Krugman: Occupy movement ‘enormously productive’

Paul Krugman is doing the rounds on his book tour (I saw him speak here Tuesday night – yeah, I’m a dork, I got him to autograph my copy) and here he is on Democracy Now! to pound the drum for government spending. Oddly enough, Krugman’s been accused of supporting austerity cuts, which just isn’t true. For an hour, all he did was talk about how the government needed to spend our way out of this.

AMY GOODMAN: Well, for the remainder of the hour, we’re joined now by one of the world’s leading economists, Paul Krugman. He is a Nobel Prize-winning economist, an op-ed columnist for the New York Times, also professor of economics at Princeton University and centenary professor at the London School of Economics. His latest book is End This Depression Now!

Paul Krugman, welcome back to Democracy Now!

PAUL KRUGMAN: Good morning.

AMY GOODMAN: How do we end this depression now?

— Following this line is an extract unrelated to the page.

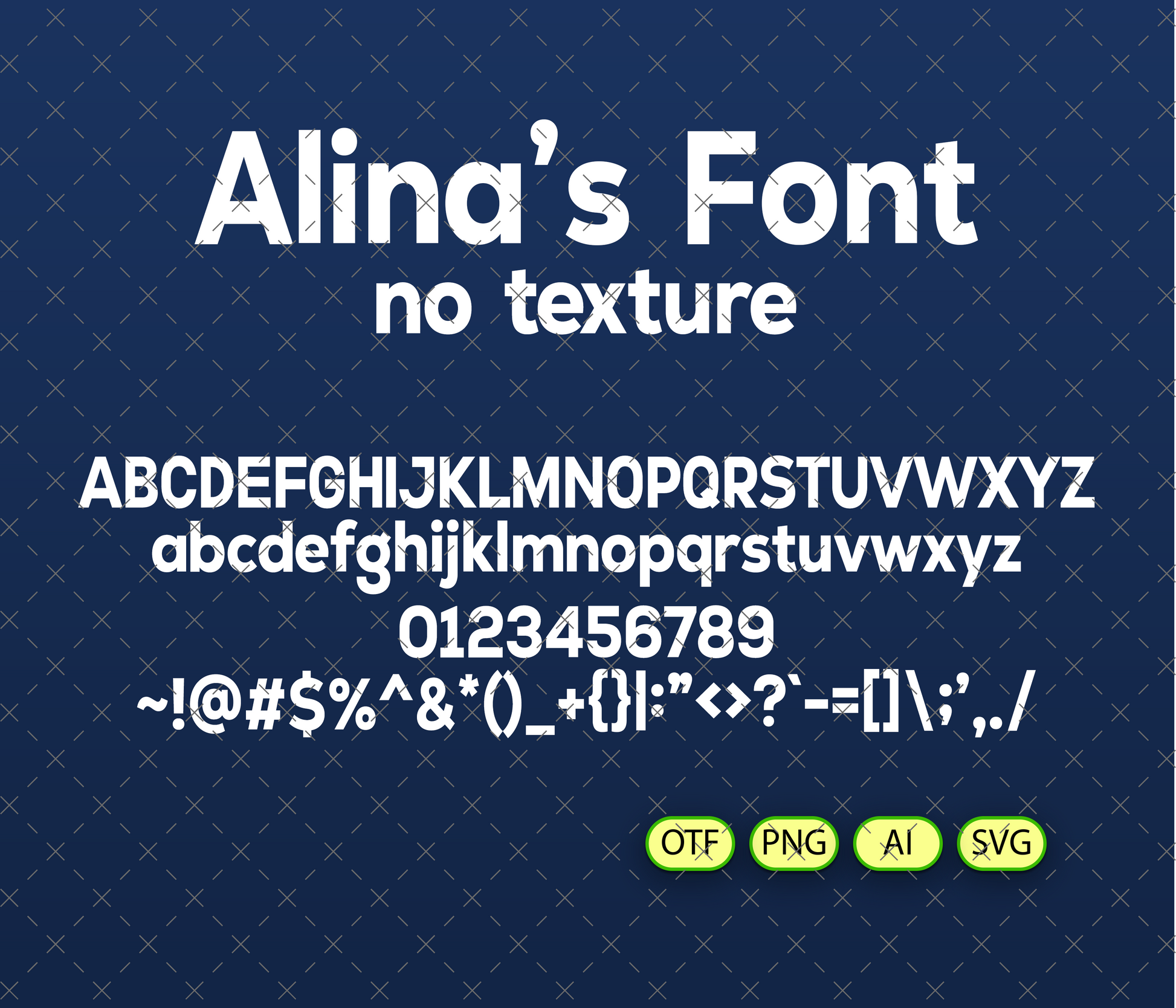 - Alina's FONT FREE NO TEXTURE | - 1 *OTF (Open Type Font) original FONT (you can change size, color etc.) + 94 PNG + AI (Adobe Illustrator) + SVG

PAUL KRUGMAN: Spend. I mean, it’s really—it’s actually—the economics is really easy. If we were to spend more money at the government level, and actually, at this point, largely, just rehire the schoolteachers, firefighters, police officers who have been laid off in the last several years because of cutbacks at the state and local level, we would be a long way back towards full employment. Other things to do, we could talk about monetary policy, debt relief for homeowners and students. But the core of it is, right now, there just is not enough spending, and we need the government, which can do it, to step in and provide the demand we need.

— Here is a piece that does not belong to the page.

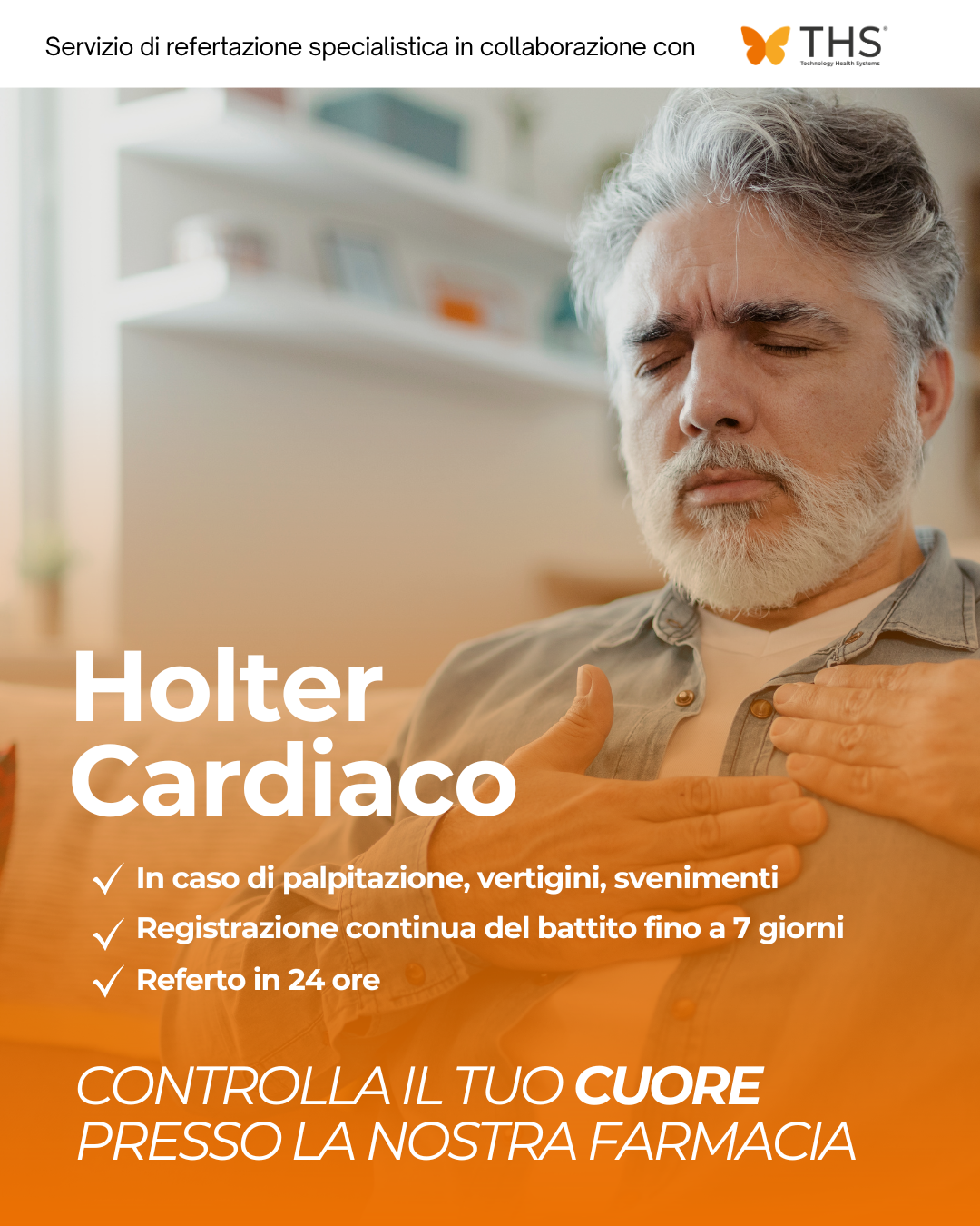 Grazie al sistema di telemedicina, puoi fare l’esame direttamente in farmacia. Una volta effettuato l’ECG noi invieremo i dati ad un centro medico specialistico dove un CARDIOLOGO referterà l’esame in tempi brevi

AMY GOODMAN: To say the least, you’re going against the accepted dogma on all television among the so-called leaders of our country. Spend? In a time when the government has the debt the size it has?

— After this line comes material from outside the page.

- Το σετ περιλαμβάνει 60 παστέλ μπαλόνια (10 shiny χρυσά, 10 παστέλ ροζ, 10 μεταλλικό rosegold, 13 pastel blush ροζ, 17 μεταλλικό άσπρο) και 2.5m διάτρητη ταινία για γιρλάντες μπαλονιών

PAUL KRUGMAN: Right. So you can always say, “Oh, you know, $14 trillion.” Everything about the U.S. economy is huge. Investors don’t think it’s a problem. Investors are willing to lend the U.S. government money at 1.8 percent interest. This is not the time. I’ll be all for worrying about the budget deficit once the—once the economy is off the bottom. But it is not off the bottom. We are in a depression. This is the time to spend.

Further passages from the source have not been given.